Modern life is lived in the margins between work and more work. Thanks to Whatsapp, Slack and other accursed forms of ‘connectivity’, you can never unplug from the soul-sucking Matrix. Professional and social responsibilities, like a nosy aunt at CNY, constantly intrudes upon one’s waking life with a parade of the inane and the stupid:
‘When you have the time, take a look at slide 12 on the deck thanks’
‘Pls revert asap’
‘Can you RSVP to my pointless industry circlejerk’
Even when you’re not on the clock, this cult of productivity demands that you ‘spend your time wisely’ with wholesome shit like the gym, yoga, or networking events. As a result, even our leisure time is poisoned by the same attendant pressures/responsibilities/demands that make work so unpleasant.

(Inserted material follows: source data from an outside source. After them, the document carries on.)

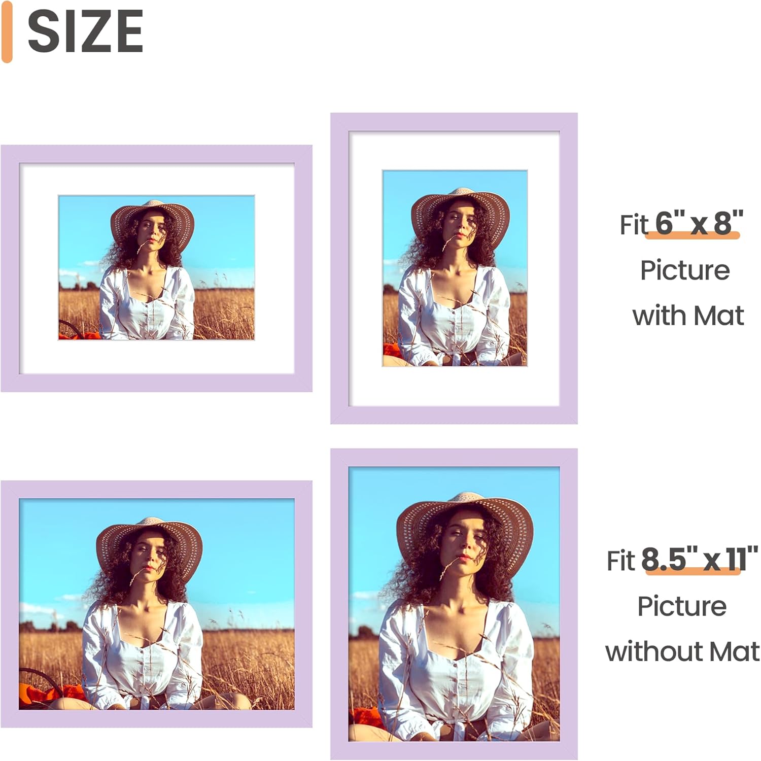 upsimples 8.5 By 11 Picture Frame, Display Pictures 6x8 with Mat or 8.5 x 11 Without, Wall Hanging Photo Frames, Purple, 1 Pack
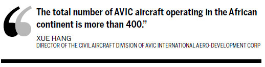 "The total number of AVIC aircraft operating in the African continent is more than 400," says Xue Hang, director of the civil aircraft division of AVIC International Aero-Development Corp, a sales and service provider wholly owned by AVIC.
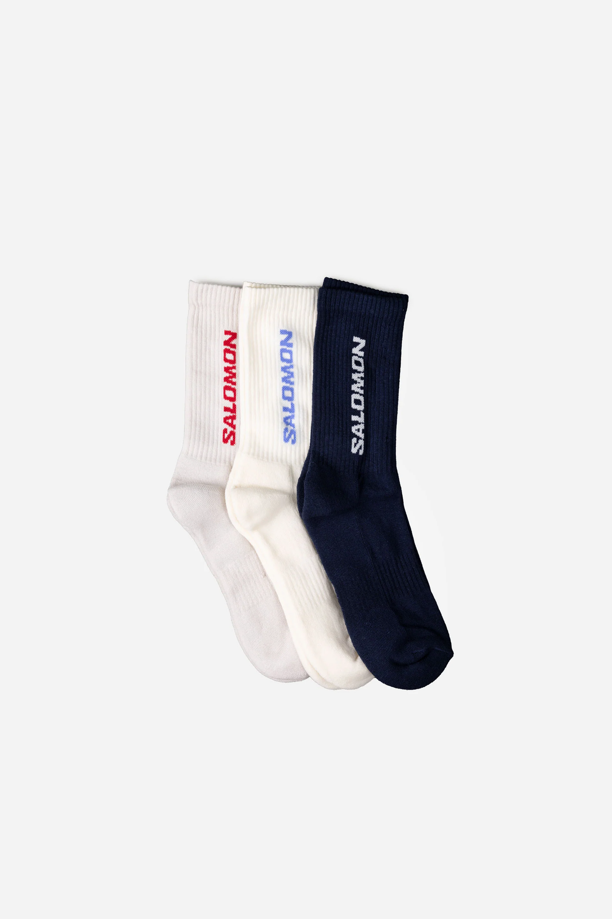 Everyday Crew 3-Pack Spellbound/Vanilla Ice/Lunar Rock fra Salomon. Disse strømper er fremstillet i en strækbar bomuldsblanding og har et sort logo på siden. Pakken indeholder 3 par.
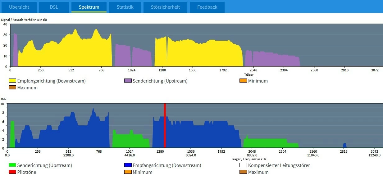 Die geschätzte Leitungslänge hat sich laut Fritzbox um ca, 90-100 Meter verlängert, die Leitungskapazität um ca. 20 MBit im Down- und 5 MBit im Upload reduziert. Ich beobachte deutlich mehr Fehler im Protokoll und das Spektrum sieht sehr merkwürdig aus:
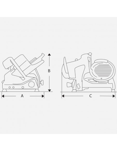 • Vela inclinata di 38° per favorire il pressaggio del prodotto e la caduta della fetta
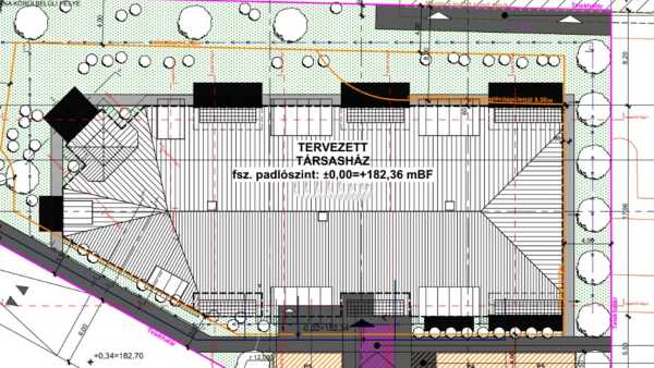 Befektetőknek ajánlom Oroszlány belterületén az alábbi projektet Az Alapitó kizárólagos tulajdonában áll az oroszlányi kivett, beépítetlen terület mindösszesen 1660 nm területű belterületi ingatlan. Az Alapító a fent megjelölt ingatlanon az építési engedélyezési eljárás alapjául szolgaló engedélyezési tervrajzok szerint épülő 22 lakásos, valamint 5 udvari beallót társasházzá alakitja . A komplett projekt rendelkezik: -építészeti,épületgépészeti,épületvillamossági,gázterv,közmű,csapadék-és szennyvíz terv -mérési tervek,tartószerkezeti terv,/fsz.,emelet,lépcsőterv,födém/ -tűzvédelem,villámvédelem -társasház tulajdont alapító előzetes alapítás - építési engedély végzés -kiviteli tervek -elhelyezkedés : Alkotmány utca Ízelítésül néhány fotó a tervezett projektből. Ár: netto 55 M Ft A teljes dokumentáció irodánkban elérhető Kérdés esetén várom hívását.
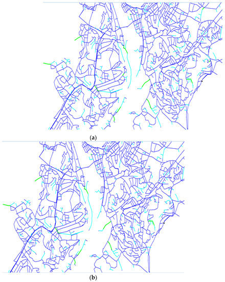 Among the many elements in a WDN, pipes are the primary components for conveying water to customers. Each of these pipes can suffer failure (e.g., intentional due to maintenance or unintentional due to breakage) that decreases network functionality depending on the importance of the pipe, as well as impacting the provision of water supply for the customers [20]. The criticality of a pipe is usually assessed by quantifying the decrease in the network functionality in a WDN reliability analysis. The reliability concept has been a central concept in WDN design, operation, and maintenance, and was developed as a continuation of the classical reliability concept that divides reliability into mechanical and hydraulic reliability [21,22] and uses various indices and methods of assessment. In general, the mechanical reliability puts emphasis on the network topology by evaluating system connectivity under given failure conditions. Pipe failure statistics [23] and probability [24] are later incorporated into the mechanical reliability analysis to better indicate the criticality of pipes in a WDN, and some studies include the water availability aspect in their simulation of pipe failure and repair events [25]. On the other hand, hydraulic reliability refers to the ability of a system to meet the requirements of water flow and pressure. Quantification of the hydraulic reliability involves results from hydraulic simulation through the use of nodal pressure [26] or even more complex approaches, e.g., unsupplied demand, economic loss, pressure deficiency, water quality [27], and energy [28].
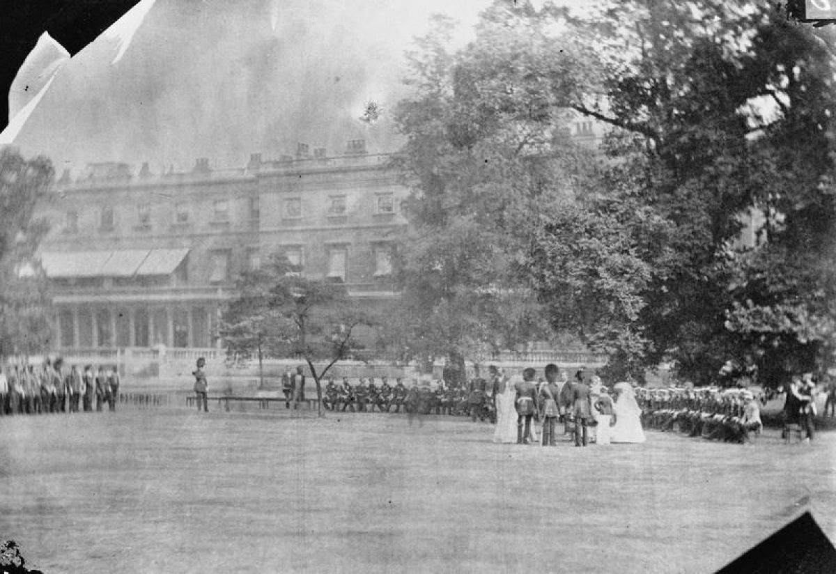 After the death of Victoria in 1901 the Palace was renovated and the Queen Victoria Memorial created to the east, the architect being Sir Aston Webb (1849-1930). The C19 framework of the garden was maintained, with additional trees and shrubs being planted and areas of bedding and borders made during subsequent years. The Palace was damaged in the Second World War but the royal family stayed in residence. Since the accession of Queen Elizabeth II in 1953, the gardens, while largely being retained for private use, have become a venue for regular large royal garden parties.
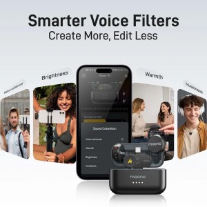 O design leve e discreto torna o Maono T5 ideal para quem precisa de um microfone de lapela de alto desempenho e visual profissional. A bateria de longa duração permite até 6 horas de uso contínuo, e o estojo de carregamento portátil garante praticidade no dia a dia.
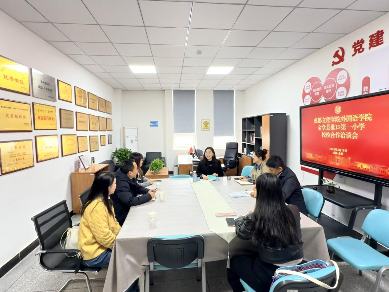 3月19日,金堂县淮口一小董事长李董事长、刘主任及教师代表刘老师一行到访yl23455永利集团。就深化高校与基础教育合作进行座谈。yl23455永利集团经理王维民、党委副书记苏凌函、经理助理余霞、实习实践工作负责人潘巧接待来宾。
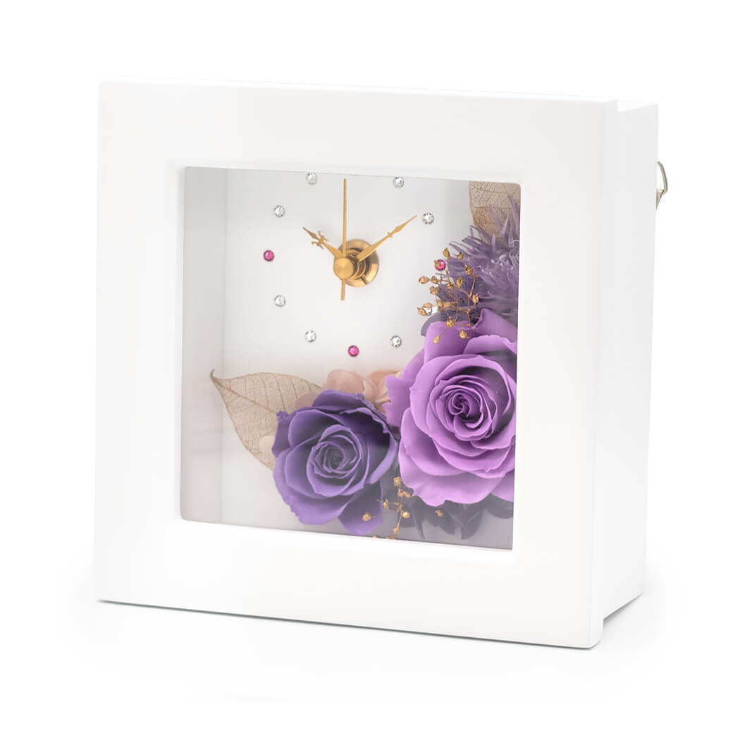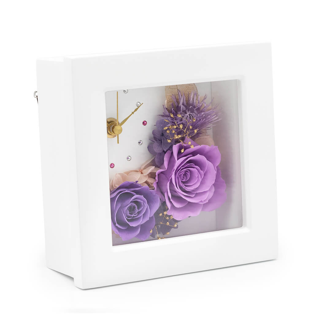 プリザーブドフラワーと時計が一体になった、実用性とおしゃれさを兼ね備えたフラワー置時計です。白いフレームの中央にプリザーブドフラワーのバラと、ゴールドのカスミソウやリーフを上品にアレンジ。落ち着いた紫色のローズは、シックで洗練された印象で、男女問わず贈りやすい大人カラーです。
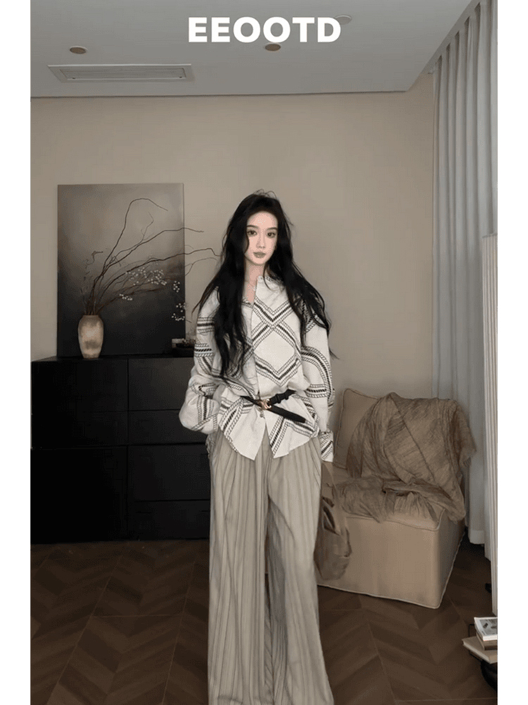 秋冬季休閒時尚套組|黑色&白色長袖毛衣|灰色&黑色寬鬆直筒長褲|免搭配日常穿搭簡約兩件套
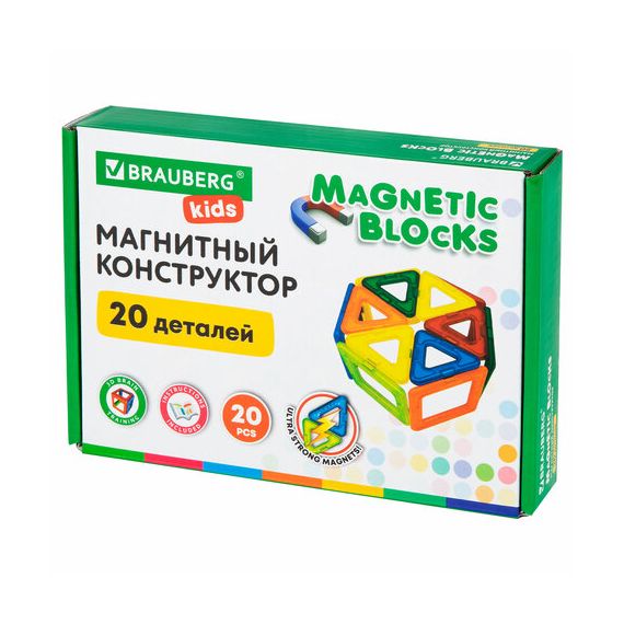 Магнитный конструктор MAGNETIC BLOCKS, 20 магнитных деталей, BRAUBERG KIDS, код 1С
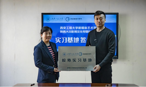 陕西大川影视文化传媒有限公司董事长胡滨与98堂副院长丛红艳签署了合作协议,建立研究生工作站;与副院长姒晓霞共同签署了本科生校外实习基地,并进行授牌仪式。
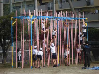 5年生は体育で、鉄棒、うんてい、登り棒に取り組みました。なかなかうまくできなくても最後まで頑張ろうとする気持ちが伝わってきました。
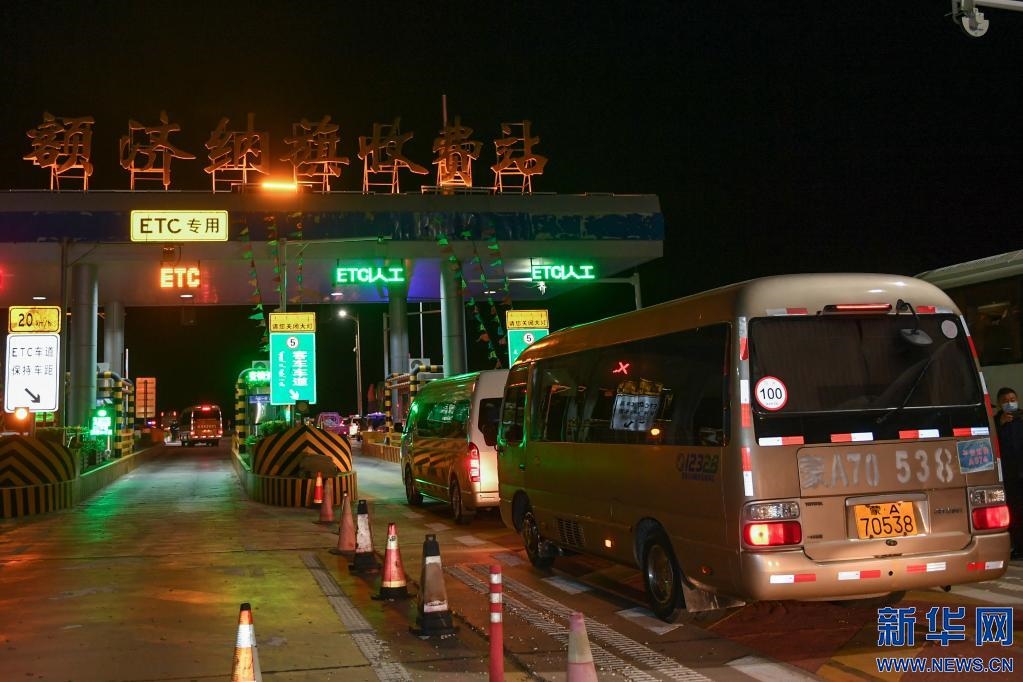 10月29日,滯留在額濟(jì)納旗的旅游包車(chē)有序通過(guò)額濟(jì)納旗收費(fèi)站。新華社記者 貝赫 攝
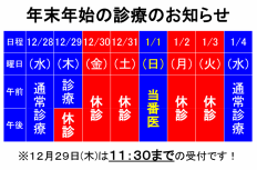 年末年始の診療のお知らせ(宮崎中央眼科病院)(2022年12月01日)
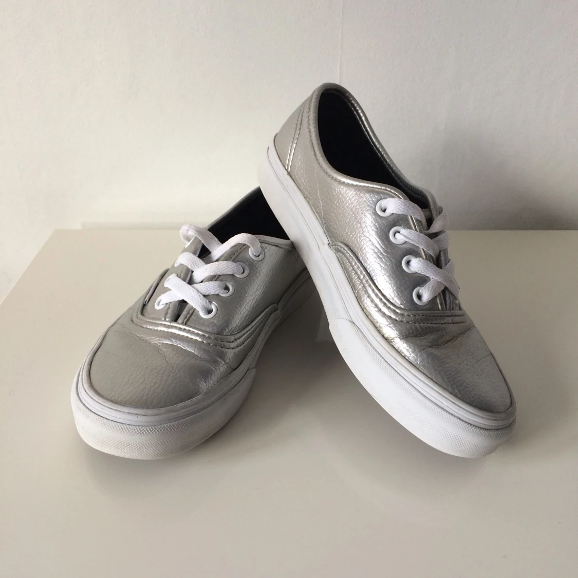 Kalasfina Vans Authentic i silverfärgad läderimitation (?). Väldigt sparsamt använda och i bra skick. Säljes pga för liten storlek, tyvärr! Frakt tillkommer.
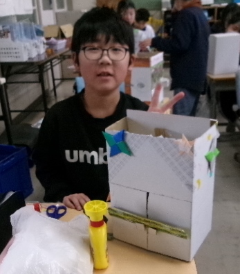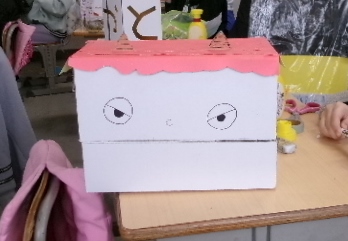 第1校時、4年生の図工「おもしろダンボールボックス」です。個性あふれる作品が出来上がってきましたね。
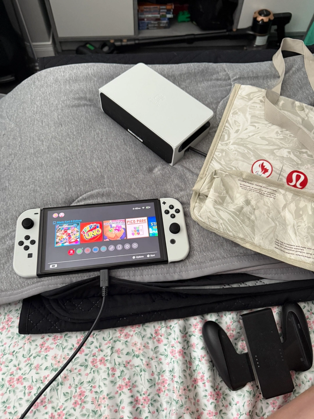 Selling a white Nintendo Switch OLED model! It comes with the dock and joy-con grip. The screen is in great condition.also comes with the controller an all plugs all original stuff!

In other words, we are exhausted by ‘productivity’, but we also feel a tinge of guilt when time is spent ‘unproductively’ on Netflix or Facebook.
Long bus journeys offer a brief respite from this paradox. When a message pops up asking if you’re free to attend a meeting 2 weeks in the future, travel gives you an excuse to ignore it for the time being.
They can’t expect a reply because you’re already ‘busy’ with something: travelling to point B.
In reality, you are the opposite of busy. You are enjoying some me-time with Drake as the bus meanders through Bedok.
You are mindlessly browsing Instagram, safe in the knowledge that your time could not be ‘better spent’ learning about Bitcoin or something.
In theory, trains and planes can provide the same refuge from ‘efficiency’. Sadly, they never do in practice.
Finding a seat on the train these days is harder than locating the foreskin of Christ. And as for air travel, it punishes both saints and sinners alike. Nobody can feel zen after fumbling through the 300 or so hurdles between taxi and take-off.
Not so for bus travel.
Bus understands. Bus doesn’t play games with you.
I could vomit 6000 more words on the subject and yet fail to capture the elusive feeling of bus-ing home after a long day, with my head against the glass and Adele singing in my ear, evening awaiting me like a promise of rest.
My friends can’t put their finger on it either.
One attributes ‘bus feels’ to the ASMR white noise produced by traffic, which lull him into a pleasurable trance-like state.
Another compares the bus to a street-level aquarium with commuters instead of fishes.
“Watching fish behind glass always relaxes,” he claimed.
All valid feelings and true, but there is something about long bus journeys that transcends ‘scenery’ or ‘seats’. No SMRT train can make me feel the same way, no matter how empty the carriage or how scenic the stretch.
To me, the crucial difference is that buses are not divorced from the world like a plane in mid-air, or a train hurtling through the black nothingness of a tunnel.
When you take the bus, you can’t help noticing the names of mamashops, hardware suppliers, eateries, etc. You register a chiobu gazing sourly at her phone, a salt-baked chicken eatery, National Aerated Water Company, and an assortment of uncles, smoking or standing with arms neatly folded above their pot belly.
Mix these impressions with a soundtrack and something magical happens.
It’s not a journey towards X anymore, but a journey into the labyrinths of your own subconscious.
The salt-baked chicken reminds you of other chicken meals eaten with friends who’ve long since left the country. The uncles remind you of cigarettes shared with former colleagues while the water company’s ruined facade recall ageing shophouses near whatsthatplacecalled, or the ruins visited on a long-ago family holiday, remembered in yellowing photo albums.
Before long, you’re not really listening to Drake or people-watching anymore. You’re lost in your own thoughts.
Some would call this ‘meditative’. Others might choose the more prosaic term of ‘spacing out’. But whatever the label, it’s a strange yet intoxicating feeling; being carried down a stream of faint impressions and dusty memories towards a destination unseen.
In Singapore, it’s probably the closest thing to zen you’ll ever experience.